Единственный фильм, сравнимый по духу с «И карлики начинали с малого», — это лента Тода Браунинга «Уродцы»[38], которую я увидел значительно позже, и которую считаю одной из величайших картин в истории. Меня невероятно взволновало осознание того, что за сорок с лишним лет до «Карликов» кто-то снял похожее кино. Персонажи «Уродцев» выведены с таким достоинством и такой нежностью, однако Браунинг чуть ли не стыдился этой работы и, быть может, сам до конца не понял, что снял настоящий шедевр.
Вам когда-нибудь бывает скучно?
Нет, никогда. В моем лексиконе и слова-то такого нет. Я могу целыми днями стоять и смотреть в окно, пусть на улице ничего и не происходит. Жена даже пугается. Со стороны кажется, будто я в ступоре, но это не так. Внутри может бушевать ураган. По-моему, Витгенштейн описывал ситуацию, когда человек смотрит на фигуру за окном, которая мотается из стороны в сторону. Изнутри не видно, что снаружи свирепствует буря, и болтающаяся фигурка кажется такой нелепой.
Вы утверждаете, что вам никогда не снятся сны, при этом очень часто говорите о «пейзажах как во сне» и тому подобном. Может быть, фильмы в каком-то смысле заменяют вам грезы, которых вы лишены?
Каждое утро, проснувшись, я чувствую, что обделен чем-то. «Ну вот, опять мне ничего не приснилось!» Знаете, как люди, которые не едят досыта или не высыпаются и потому всегда голодны или измотаны, — вот со мной та же история. Возможно, это одна из причин, почему я снимаю кино. Может быть, я хочу на экране создать реальность, которую должен бы видеть в снах. Зато я постоянно вижу сны наяву.

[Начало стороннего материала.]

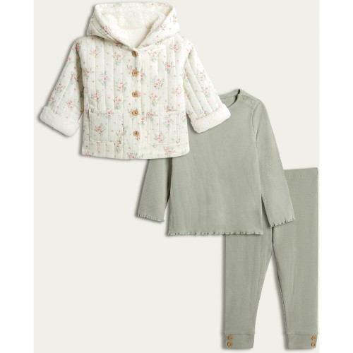 3-Piece Pure Cotton Ribbed Floral Print Cardigan Bodysuit and Legging Set in Cream

Я искренне верю, что образы в моих фильмах принадлежат и вам. Только они сокрыты у вас в подсознании, дремлют до поры до времени. Когда вы видите эти образы на экране, ваши внутренние образы пробуждаются, как будто я знакомлю вас с вашим братом, которого вы никогда прежде не видели. Потому столько людей по всему миру ощущают связь с моими фильмами. Единственное различие между вами и мной в том, что я могу с некоторой ясностью передать это неозвученное и невысказанное из наших общих снов. Позвольте мне рассказать об одном случае. Я не сравниваю себя с Микеланджело, ни в коем случае, просто хочу объяснить. Как-то много лет назад я целый день провел в Ватикане, смотрел фрески в Сикстинской капелле. И был потрясен осознанием того, что до Микеланджело никто так не изображал страсти человеческие. Благодаря его живописи мы можем чуть лучше понять себя, и я убежден, что работа Микеланджело сыграла для человечества не меньшую роль, чем, скажем, развитие сельского хозяйства.